Our Services may contain links to third-party websites, stores, services, or applications that we do not own or control. We are not responsible for the privacy practices of those third parties. We encourage you to read their privacy policies before submitting any personal data to them.

// 18. DMCA, Takedowns & Copyright

lbhongdafood.com respects the intellectual-property rights of others. If you believe that material made available through our Services infringes your copyright, please send a DMCA notice to contact@lbhongdafood.com with the following information:

  • An electronic or physical signature of the person authorised to act on behalf of the copyright owner.
  • A description of the copyrighted work that you claim has been infringed.
  • The URL or location of the allegedly infringing material on our Services.
  • Your contact details: address, telephone, email.
  • A statement that you have a good-faith belief that the use is not authorised.
  • A statement, made under penalty of perjury, that the above information is accurate and that you are the copyright owner or are authorised to act on the copyright owner's behalf.

// 19. Changes to this Policy

We may update this Privacy Policy from time to time.
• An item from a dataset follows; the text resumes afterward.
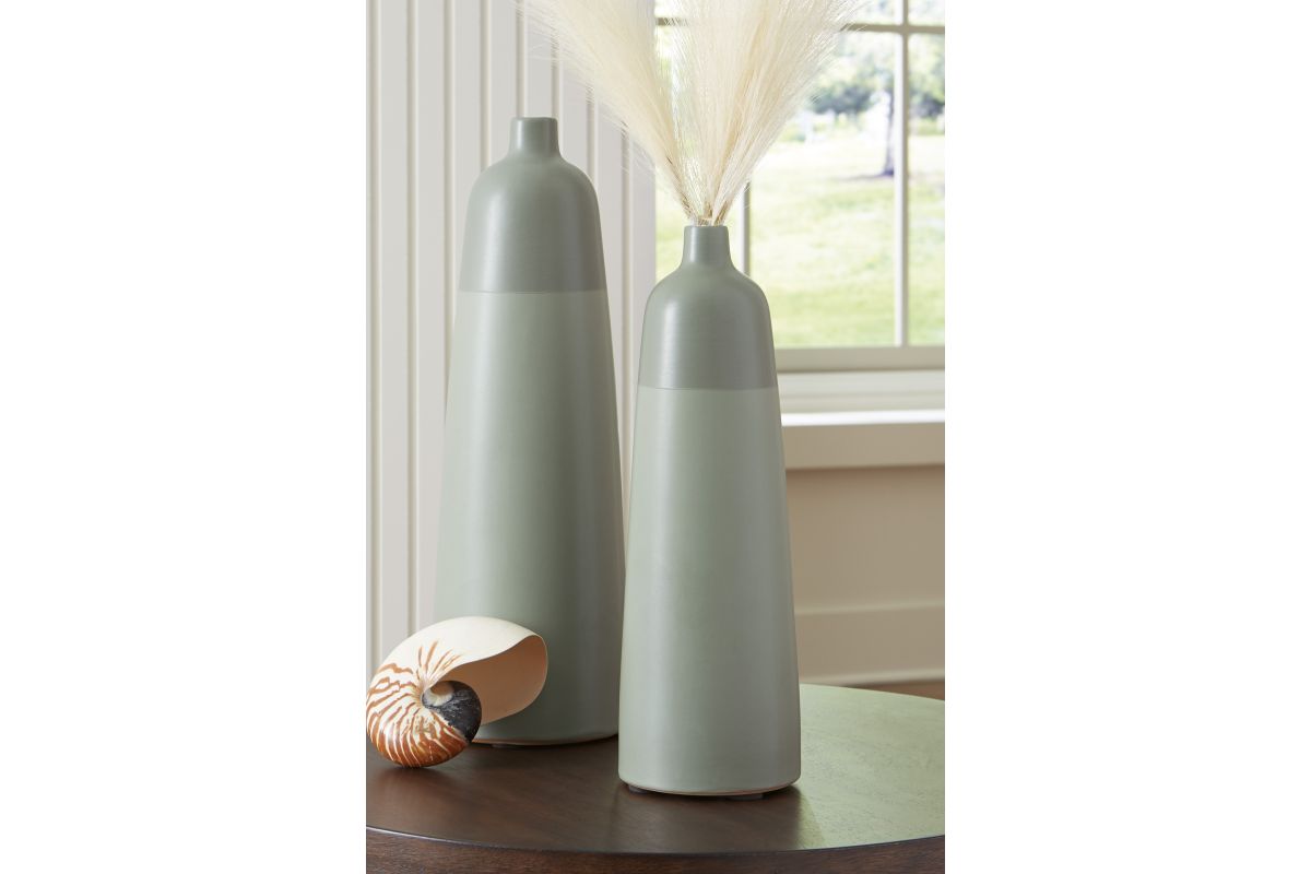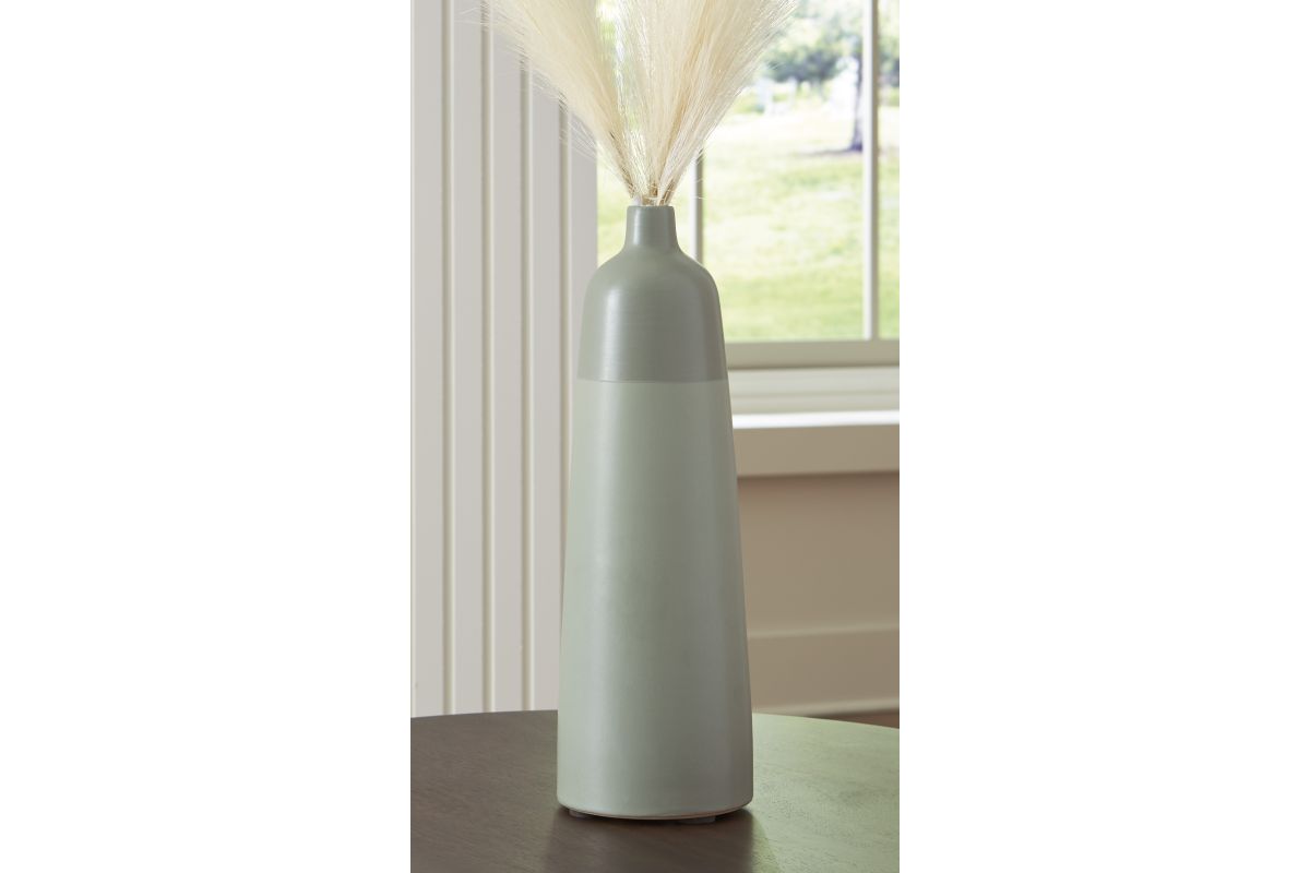 This richly glazed ceramic vase makes a striking centerpiece, either by itself or filled with dried or faux florals. Its simply beautiful shape and organic green hues complement your naturally superb sense of style.

The "Last updated" date at the top of this Policy reflects when the latest changes were made. Where a change is material, we will notify you via the App (in-app notice) and/or by email (if you have an account), and where required by law we will request your renewed consent. Continued use of the Services after a change indicates that you accept the updated Policy.

// 20. Contact & Data Protection Officer

For any questions, concerns, complaints or data-subject requests relating to this Privacy Policy or our processing of your personal data, please contact us:

lbhongdafood.com – Data Protection Officer
Bristol & Bath Science Park
United Kingdom
Email: contact@lbhongdafood.com
Email (privacy): contact@lbhongdafood.com
Email (business support): support@lbhongdafood.com

We will respond to your request as soon as possible, and in any event within the time limits set by applicable law (typically 30 days under GDPR, 45 days under CCPA).

If you are not satisfied with our response, you have the right to lodge a complaint with your local data-protection authority. In the UK, this is the Information Commissioner's Office (ico.org.uk).